# RECORDS SUPPLIED
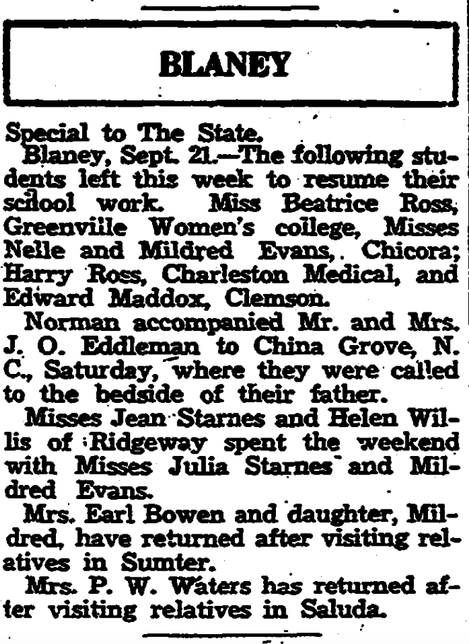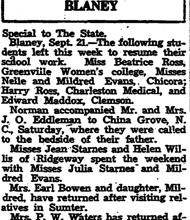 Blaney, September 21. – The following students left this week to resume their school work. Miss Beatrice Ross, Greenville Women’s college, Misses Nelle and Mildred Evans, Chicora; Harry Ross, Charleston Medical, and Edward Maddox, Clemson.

==

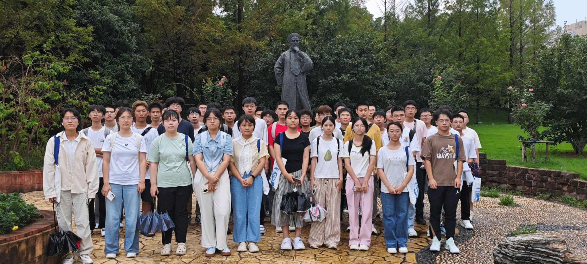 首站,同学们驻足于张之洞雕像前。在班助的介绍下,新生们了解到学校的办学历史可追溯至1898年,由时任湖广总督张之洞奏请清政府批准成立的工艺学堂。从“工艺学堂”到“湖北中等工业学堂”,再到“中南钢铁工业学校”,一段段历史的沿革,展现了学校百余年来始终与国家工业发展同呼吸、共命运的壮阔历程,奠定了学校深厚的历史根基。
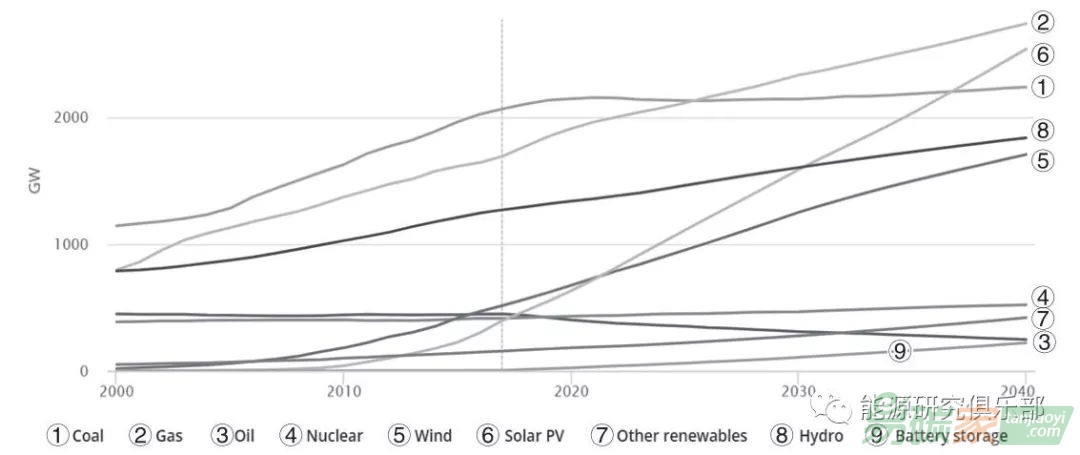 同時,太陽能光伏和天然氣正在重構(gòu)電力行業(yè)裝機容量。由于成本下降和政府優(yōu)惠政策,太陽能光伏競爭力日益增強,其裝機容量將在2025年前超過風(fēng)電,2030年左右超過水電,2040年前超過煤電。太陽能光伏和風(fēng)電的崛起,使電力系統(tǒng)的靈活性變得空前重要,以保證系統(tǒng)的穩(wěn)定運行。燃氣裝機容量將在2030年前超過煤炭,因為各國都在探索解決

# TASK DIRECTIONS
Transcribe, word for word, the lines of the listing above from the one that contains "首站,同学们驻足于张之洞雕像" through the one that contains "同時,太陽能光伏和天然氣正在", keeping both ends and dropping the pictures.

# RESPONSE TO THIS EXERCISE
 首站,同学们驻足于张之洞雕像前。在班助的介绍下,新生们了解到学校的办学历史可追溯至1898年,由时任湖广总督张之洞奏请清政府批准成立的工艺学堂。从“工艺学堂”到“湖北中等工业学堂”,再到“中南钢铁工业学校”,一段段历史的沿革,展现了学校百余年来始终与国家工业发展同呼吸、共命运的壮阔历程,奠定了学校深厚的历史根基。
 同時,太陽能光伏和天然氣正在重構(gòu)電力行業(yè)裝機容量。由于成本下降和政府優(yōu)惠政策,太陽能光伏競爭力日益增強,其裝機容量將在2025年前超過風(fēng)電,2030年左右超過水電,2040年前超過煤電。太陽能光伏和風(fēng)電的崛起,使電力系統(tǒng)的靈活性變得空前重要,以保證系統(tǒng)的穩(wěn)定運行。燃氣裝機容量將在2030年前超過煤炭,因為各國都在探索解決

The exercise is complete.